In March 1785, Thomas Jefferson and John Adams went to London to negotiate with Tripoli’s envoy, Ambassador Sidi Haji Abdrahaman (or Sidi Haji Abdul Rahman Adja). Upon inquiring “concerning the ground of the pretensions to make war upon nations who had done them no injury”, the ambassador replied:
It was written in their Qu’ran, that all nations which had not acknowledged the Prophet were sinners, whom it was the right and duty of the faithful to plunder and enslave; and that every Muslim who was slain in this warfare was sure to go to paradise. He said, also, that the man who was the first to board a vessel had one slave over and above his share, and that when they sprang to the deck of an enemy’s ship, every sailor held a dagger in each hand and a third in his mouth; which usually struck such terror into the foe that they cried out for quarter at once. [12]
Jefferson reported the conversation to Secretary of Foreign Affairs John Jay, who submitted the Ambassador’s comments and offer to Congress. Jefferson argued that paying tribute would encourage more attacks. Although John Adams agreed with Jefferson, he believed that circumstances forced the U.S. to pay tribute until an adequate navy could be built. The U.S. had just fought an exhausting war, which put the nation deep in debt. Federalist and Anti-Federalist forces argued over the needs of the country and the burden of taxation. Jefferson’s own Democratic-Republicans and anti-navalists believed that the future of the country lay in westward expansion, with Atlantic trade threatening to siphon money and energy away from the new nation on useless wars in the Old World.[13] The U.S. paid Algiers the ransom, and continued to pay up to $1 million per year over the next 15 years for the safe passage of American ships or the return of American hostages. Payments in ransom and tribute to the privateering states amounted to 20% of the U.S. government’s annual revenues in 1800.[citation needed]
Jefferson continued to argue for cessation of the tribute, with rising support from George Washington and others. With the recommissioning of the American navy in 1794 and the resulting increased firepower on the seas, it became increasingly possible for America to refuse paying tribute, although by now the long-standing habit was hard to overturn.

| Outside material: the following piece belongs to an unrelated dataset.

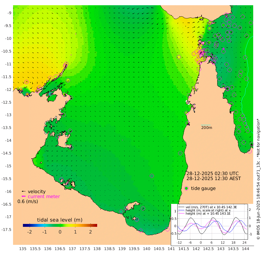 7cm/s 164T +3cm/s rms + 7cm/s -42T. ARA-GOC87 57m 3cm/s -56T +3cm/s rms + 2cm/s -2T. ARA-GOC87 60m 9cm/s 138T +2cm/s rms + 3cm/s 61T. ARA-GOC87 47m -27cm Daru -21cm Bobo Island -2cm Meer Island Barge -15cm Bramble Cay -24cm Unnamed Cay -11cm Pearce Cay -18cm Stephens Island -35cm Merrie England Shoals -31cm Mutacomal Reef -17cm Darnley Island Barge -2cm East Cay -18cm Yorke Island Barge -16cm Rennel Island -14cm Aureed Island -9cm Dungeness Reef 0cm Zagai Island 4cm Yam Island 39cm Dauan Island 31cm Saibai Island 23cm Phipi Reef 4cm Warrior Reef - West 41cm Mabuiag Island Barge -22cm Half Way Island -17cm Coconut Island -16cm Dugong Islet -6cm Poll Island -13cm Kirkcaldie Reef 17cm Suarji Island -9cm Sue Islet 92cm Hawkesbury Island 13cm Alert Patches 11cm Twin Island 81cm Badu Island 14cm St Pauls (Moa Island) 66cm Kubin (Moa Island) 30cm Ince Point 41cm Thursday Island 39cm Nardana Patches 60cm Turtle Head 73cm Round Island 88cm Goods Island 96cm Booby Island 97cm White Rocks Area 64cm Carpentaria 19cm Papou Point 110cm Bampfield Head 68cm Crab Island 86cm Red Wallis Island 64cm Packe Island -22cm Harrington Reef 93cm Herald Camp -8cm Sharp Point 53cm Red Island Point 36cm Possession Island -3cm Alpha Rock -4cm Frederick Point -23cm Wyborn Reef Light -20cm Tetley Island 2cm Triangle Reef -16cm Turtle Head Island 4cm Maclennan Cay 8cm Raine Island -20cm Mcsweeny Reef -20cm Collette Reef -7cm Shadwell Reef -26cm Hannibal Island -14cm Round Point 47cm Vrilya Point -15cm Cape Grenville -2cm Hicks Island 7cm Sir Charles Hardy Island -4cm Harvey Island -9cm Kay Reef 5cm Rocky Island 12cm Chapman Island 9cm Ham Reef 4cm Jubilee Reef -3cm Night Island 6cm Unnamed Reef No. 3 2cm Morris Island 11cm 1st 3 Mile Opening 4cm Creech Reef -3cm Fife Island 6cm Eden Reef -2cm Stanley Island 1cm Normanby River 127cm Yabooma Island 134cm Hutchison River 111cm Elcho Island 109cm North West Crocodile Island 68cm Cape Wessel 83cm Stevens Island 40cm Guluwuru Island 81cm Hopeful Bay 78cm Auster Point 75cm Two Island Bay 89cm Cadell Strait -87cm Mallison Island 41cm Melville Bay (Gove Harbour) 46cm Truant Island 21cm Cape Arnhem 9cm Cape Grey -7cm Hawk Island -24cm Milner Bay (Groote Eylandt) -31cm Cape Beatrice -56cm West Island -57cm Centre Island -63cm Mornington Island -55cm West Wellesley Islands -36cm Bountiful Island -56cm Albert River Mouth -68cm Sweers Island -59cm Karumba -41cm Nassau River Offshore -15cm Christmas Creek 16cm Archer River 32cm Boyd Point 45cm Weipa (Humbug Point) 12cm Pennefather River 52cm Cullen Point
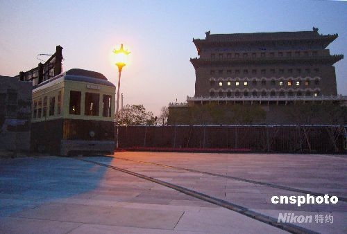 4月23日,消失了50年之久的“鐺鐺車”亮相北京前門大街。據悉,該車長12米,共有“前門一號”和“前門二號”兩輛。老北京俗稱的“鐺鐺車”無軌電車,因其不時響起的鈴鐺聲而得名。中新社發(fā) 玉龍 攝

“Immediately prior to Jefferson’s inauguration in 1801, Congress passed naval legislation that, among other things, provided for six frigates that ‘shall be officered and manned as the President of the United States may direct.’ . . . In the event of a declaration of war on the United States by the Barbary powers, these ships were to ‘protect our commerce & chastise their insolence — by sinking, burning or destroying their ships & Vessels wherever you shall find them.'”[14] On Jefferson’s inauguration as president in 1801, Yusuf Karamanli, the Pasha (or Bashaw) of Tripoli, demanded $225,000 from the new administration. (In 1800, Federal revenues totaled a little over $10 million.) Putting his long-held beliefs into practice, Jefferson refused the demand. Consequently, in May 1801, the Pasha declared war on the U.S., not through any formal written documents but in the customary Barbary manner of cutting down the flagstaff in front of the U.S. Consulate. Algiers and Tunis did not follow their ally in Tripoli.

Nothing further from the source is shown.